About this exercise. An exact reproduction of the data below is expected, free of images.

START Source material

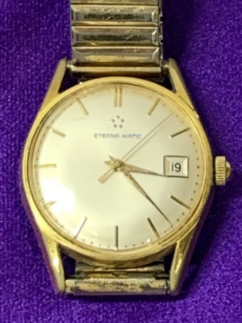 ETERNA-.MATIC GOLD PLATED CALENDAR GENT'S WRISTWATCH, champagne dial with baton markers, stainless steel case back numbered 4999147 and inscribed 'G T Roberts with affection from his friends in Stamford 1967' on a non-matching expanding bracelet with original box and certificate of origin along with two service/repair papers for 1988 and 1993, watch purchase date to the back of the certificate 18/7/67, appears in working order when listed
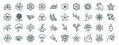 set of 40 nature icons in outline style. thin line icons such as lavender, hyacinth, dahlia, snail, wallflower, protea, rosemary, hive, peppermint, branch, acicular, hemp editable vector.
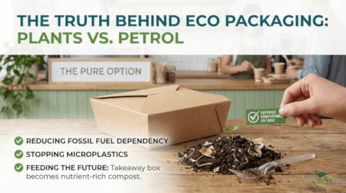 When we choose packaging from companies like us (The Pure Option), we are participating in a circular economy. Unlike traditional plastics, which are derived from "dead dinosaurs" (fossil fuels) and can linger in our oceans and landfills for centuries, plant-based packaging is made from renewable resources like sugarcane bagasse, corn starch, and wood pulp.
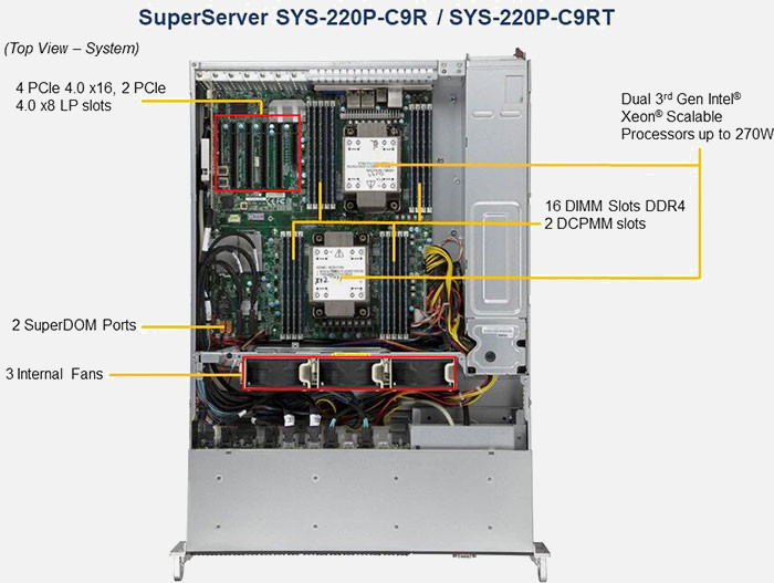 The Supermicro SuperServer SYS-220P-C9R | SYS-220P-C9R supports the Intel Intel Xeon Scalable Processors 3rd Generation family in a high-density 2U form-factor. These SuperServers are ideal for network infrastructure, front-end enterprise, and minimal-downtime cluster server systems.

END Source material

Answer box.
 ETERNA-.MATIC GOLD PLATED CALENDAR GENT'S WRISTWATCH, champagne dial with baton markers, stainless steel case back numbered 4999147 and inscribed 'G T Roberts with affection from his friends in Stamford 1967' on a non-matching expanding bracelet with original box and certificate of origin along with two service/repair papers for 1988 and 1993, watch purchase date to the back of the certificate 18/7/67, appears in working order when listed
 set of 40 nature icons in outline style. thin line icons such as lavender, hyacinth, dahlia, snail, wallflower, protea, rosemary, hive, peppermint, branch, acicular, hemp editable vector.
 When we choose packaging from companies like us (The Pure Option), we are participating in a circular economy. Unlike traditional plastics, which are derived from "dead dinosaurs" (fossil fuels) and can linger in our oceans and landfills for centuries, plant-based packaging is made from renewable resources like sugarcane bagasse, corn starch, and wood pulp.
 The Supermicro SuperServer SYS-220P-C9R | SYS-220P-C9R supports the Intel Intel Xeon Scalable Processors 3rd Generation family in a high-density 2U form-factor. These SuperServers are ideal for network infrastructure, front-end enterprise, and minimal-downtime cluster server systems.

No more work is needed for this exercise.